COURT OF APPEALS OF VIRGINIA UNPUBLISHED
Present: Chief Judge Decker, Judges Fulton and Ortiz
ELLIOT EMMANUEL WHITE, A/K/A ELLIOTT EMMANUEL WHITE MEMORANDUM OPINION* BY v. Record No. 0254-23-2 CHIEF JUDGE MARLA GRAFF DECKER MARCH 12, 2024 COMMONWEALTH OF VIRGINIA
FROM THE CIRCUIT COURT OF HENRICO COUNTY L. A. Harris, Jr., Judge
(John W. Parsons; John W. Parsons, Attorney at Law, on brief), for appellant.
(Jason S. Miyares, Attorney General; Ryan Douglas Beehler, Assistant Attorney General, on brief), for appellee.
A jury found the appellant guilty of three counts of aggravated sexual battery of his
stepdaughter, who was between six and eleven years of age when the offenses occurred.
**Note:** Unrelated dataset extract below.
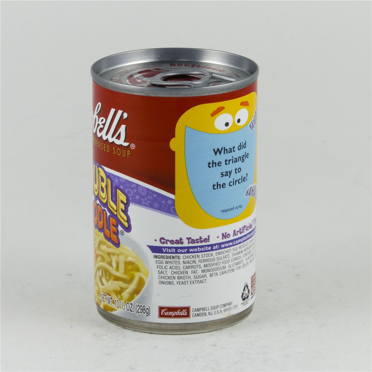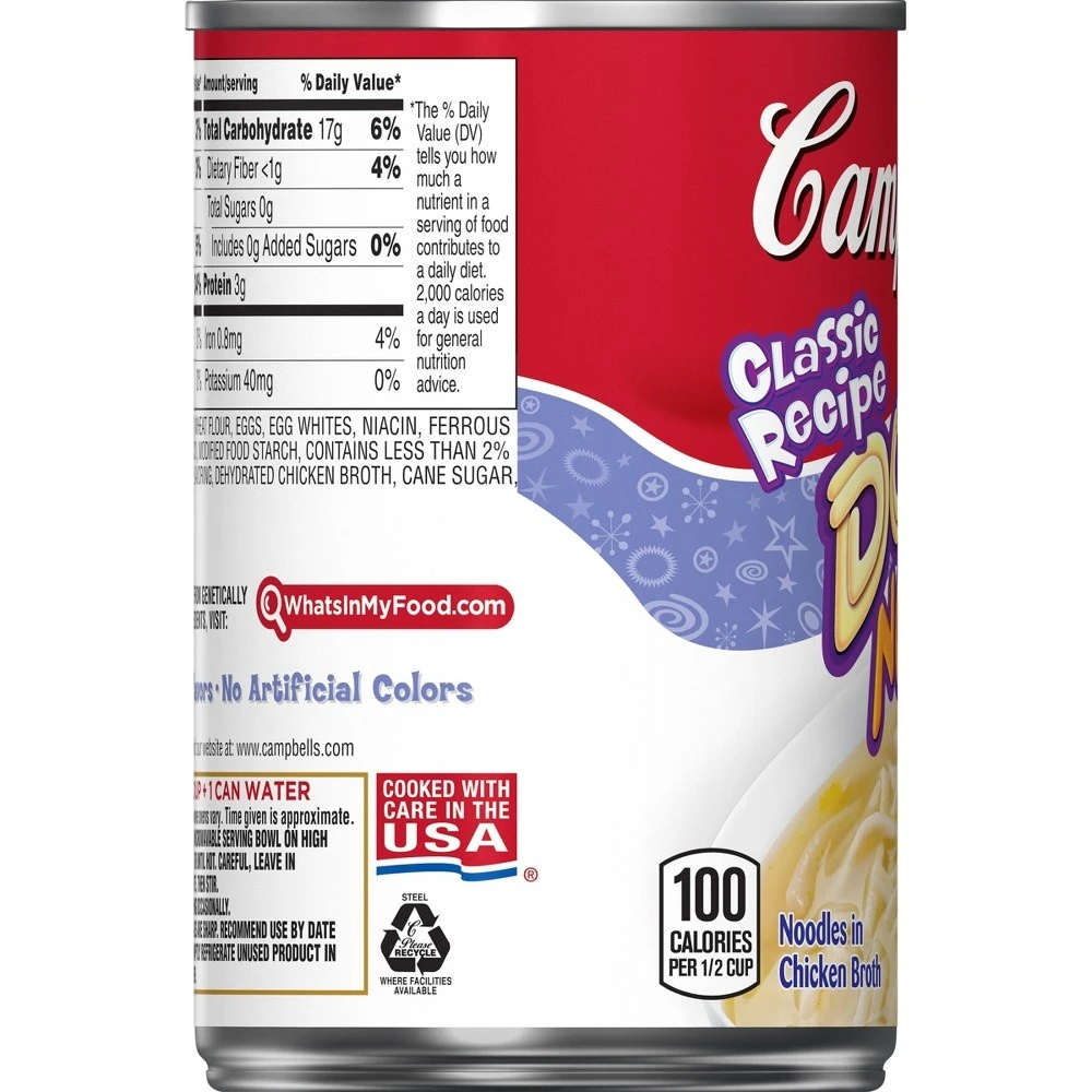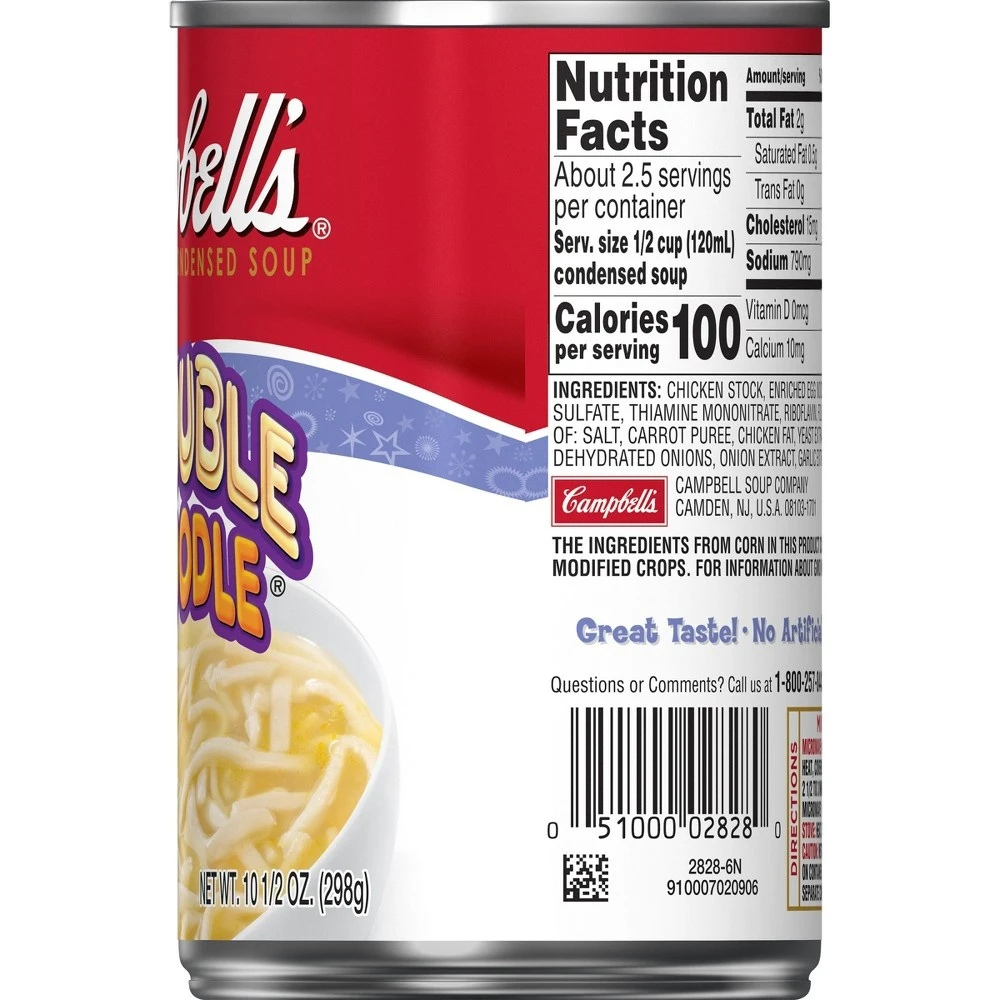 Kids love that Campbellu2019su00ae Condensed Double Noodle Soup is packed with twice as many noodles. Parents love that it lacks artificial flavors. Itu2019s a win-win for all!

He
contends on appeal that the evidence was insufficient because the child’s testimony was the only
proof that he “touched [her] intimate parts.” He suggests the testimony was inherently incredible
because she did not report the incidents until she was fourteen years old, she had a motive to
fabricate the charges, and there was no corroborating evidence. Because her testimony was not
inherently incredible or contrary to human experience and was accepted by the jury, we affirm
the convictions.1
* This opinion is not designated for publication. See Code § 17.1-413(A). 1 Having examined the briefs and record in this case, the panel unanimously holds that oral argument is unnecessary because “the appeal is wholly without merit,” “the dispositive issue or issues have been authoritatively decided,” and the appellant “has not argued that the case law should be overturned, extended, modified, or reversed.” Code § 17.1-403(ii)(a)-(b); Rule 5A:27(a)-(b). BACKGROUND2
The appellant was charged with sexually molesting his stepdaughter, A.H., who was born
in May 2006. In December 2012, the appellant moved into the home on Beale Street where A.H.
lived with her younger brother and her mother, D.H. During this time, D.H. worked as a nurse
on a shift from 3:00 p.m. to 11:00 p.m., and the appellant stayed with the children. A.H. testified
that when she was around six years old, the appellant got into her bed at night, put his fingers
inside her underwear, and rubbed her vagina and clitoris. A.H. testified that the abuse happened
“more than one time” while she lived on Beale Street. Each encounter lasted between five and
thirty minutes.
The family moved to a residence on Honeysuckle Court in 2015. D.H. worked in the
evenings as a private duty nurse in addition to her regular daytime shift. In the new house, A.H.
shared a bedroom with her five-year-old brother. The appellant continued the same pattern of
sexual abuse against A.H. A.H. testified that while living on Honeysuckle Court, the appellant
sexually abused her “more than one time.”
In 2016, they moved to a house on Ivy Avenue. At that residence, A.H. shared a
bedroom with her two-year-old sister. Her brother had a separate bedroom but sometimes slept
in A.H.’s room on a small couch or the floor. The appellant continued his sexual abuse against
A.H. He came into her bed and touched her in the same manner at night, but he did so less often.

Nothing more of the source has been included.